No, not at all. It’s much more difficult now because we have a Twitter account and when you’re on the cover of Time 15 people tweet that you’re a “fucking cunt”. Back then it wasn’t hatred, it was people making fun. It just made me more angry in a sense. No, not angry. It fuelled me to say, “I’ll show you!”
You’re famous for your foraging skills as well as your direct relationships with farmers. So where is the best place you’ve ever foraged?
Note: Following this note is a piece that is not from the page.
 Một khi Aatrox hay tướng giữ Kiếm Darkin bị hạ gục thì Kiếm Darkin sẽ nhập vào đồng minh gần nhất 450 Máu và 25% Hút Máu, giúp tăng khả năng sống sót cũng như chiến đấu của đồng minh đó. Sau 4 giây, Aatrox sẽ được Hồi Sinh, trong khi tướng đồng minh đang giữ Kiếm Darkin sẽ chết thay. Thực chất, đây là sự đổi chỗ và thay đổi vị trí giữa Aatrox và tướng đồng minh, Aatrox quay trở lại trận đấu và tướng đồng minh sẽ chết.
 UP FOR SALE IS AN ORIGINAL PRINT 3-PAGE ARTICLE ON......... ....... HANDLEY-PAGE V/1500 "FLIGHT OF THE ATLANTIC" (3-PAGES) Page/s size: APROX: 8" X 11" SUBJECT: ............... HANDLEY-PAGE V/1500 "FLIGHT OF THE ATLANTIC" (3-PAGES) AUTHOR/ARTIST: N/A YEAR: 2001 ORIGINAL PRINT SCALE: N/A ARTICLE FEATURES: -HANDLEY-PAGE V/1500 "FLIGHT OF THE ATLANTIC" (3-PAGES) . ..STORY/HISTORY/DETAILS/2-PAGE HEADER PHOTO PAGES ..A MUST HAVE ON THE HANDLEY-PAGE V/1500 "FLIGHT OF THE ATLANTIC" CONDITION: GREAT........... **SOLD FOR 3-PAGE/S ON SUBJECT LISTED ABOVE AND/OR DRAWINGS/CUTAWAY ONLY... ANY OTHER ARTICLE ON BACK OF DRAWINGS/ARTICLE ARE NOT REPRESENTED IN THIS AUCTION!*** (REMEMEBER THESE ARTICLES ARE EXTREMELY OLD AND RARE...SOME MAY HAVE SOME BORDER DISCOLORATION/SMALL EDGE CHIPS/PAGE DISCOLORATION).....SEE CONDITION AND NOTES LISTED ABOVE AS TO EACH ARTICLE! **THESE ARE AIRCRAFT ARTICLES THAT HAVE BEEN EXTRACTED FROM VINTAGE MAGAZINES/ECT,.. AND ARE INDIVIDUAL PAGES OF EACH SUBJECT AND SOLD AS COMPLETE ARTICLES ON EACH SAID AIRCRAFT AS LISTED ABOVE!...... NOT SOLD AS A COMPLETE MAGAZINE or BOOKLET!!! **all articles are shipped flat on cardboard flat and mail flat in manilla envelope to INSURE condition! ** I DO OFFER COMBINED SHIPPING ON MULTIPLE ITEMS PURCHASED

An area on the north-west coast of Denmark called Lammefjorden, which means “the fjord of the lambs”. It used to be marshland before dams were built to create more agricultural soil, which happens also to be the most fertile soil in Europe. The first 30cm is sandy with mussels everywhere and then there’s a further 2m of mussels and shellfish and vegetation. It’s the shittiest beach on earth with rotten seaweed flowing in all the time, but the vegetation is incredible. As is the forest. It’s perfect. And best of all? It’s just 45 minutes from Noma. In the winter, 10 to 15 of us might go there on a Sunday on a big foraging trip. It’s astonishingly fertile. Just mind-boggling.
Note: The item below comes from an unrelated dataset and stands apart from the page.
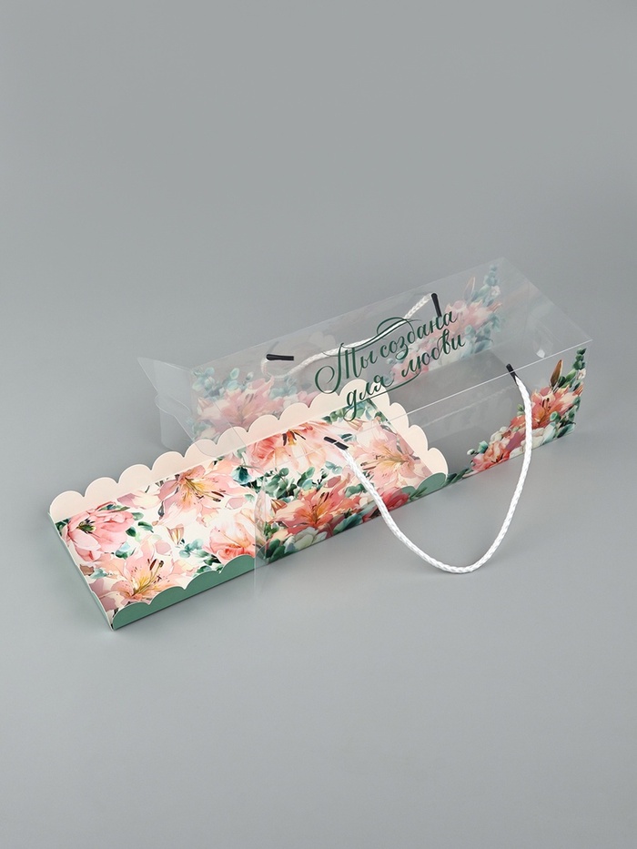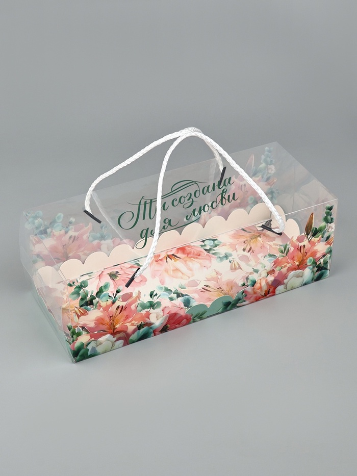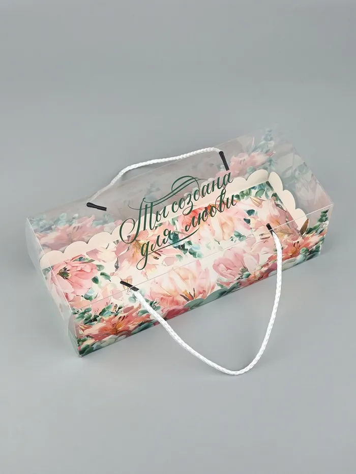 Коробка под зефир c ручками «Нежные цветы», 27 х 11 х 9.5 см, кондитерская упаковка — Характеристики

In the past, you’ve described yourself as “a beast, angry as hell”. Can you explain this — it all sounds a bit scary to us
Yeah. I couldn’t handle the bottleneck during service. I was doubtful about all the decisions. I suddenly lost confidence in what we were doing. Back then, in 2010, I kept thinking, “Is this the mountain top? Is this it?” For a moment I lost focus. Then I learned that you have to see the big accolades as a step on the way. In terms of exploring our region and working on our changing food culture, we’re like babies. We have so much more to do.
One of your early supporters was Adam Price, the Danish food critic who went on to create Borgen. Tell us about him
Adam’s a very good friend of mine. He used to be the number one food critic in Denmark. He was one of those really, really good food critics who never wrote to humiliate. Instead, he criticised in a very positive way. He definitely understood what we were doing at Noma. He’s extremely clever and nice. He comes from a family of writers and theatre people.
Denmark has become incredibly cool, thanks to Noma, TV shows like Borgen and The Killing, its interior design and so on. How did this happen? Denmark is a little safe haven up there in the north. It’s egalitarian. In these times there’s a natural admiration for something like that.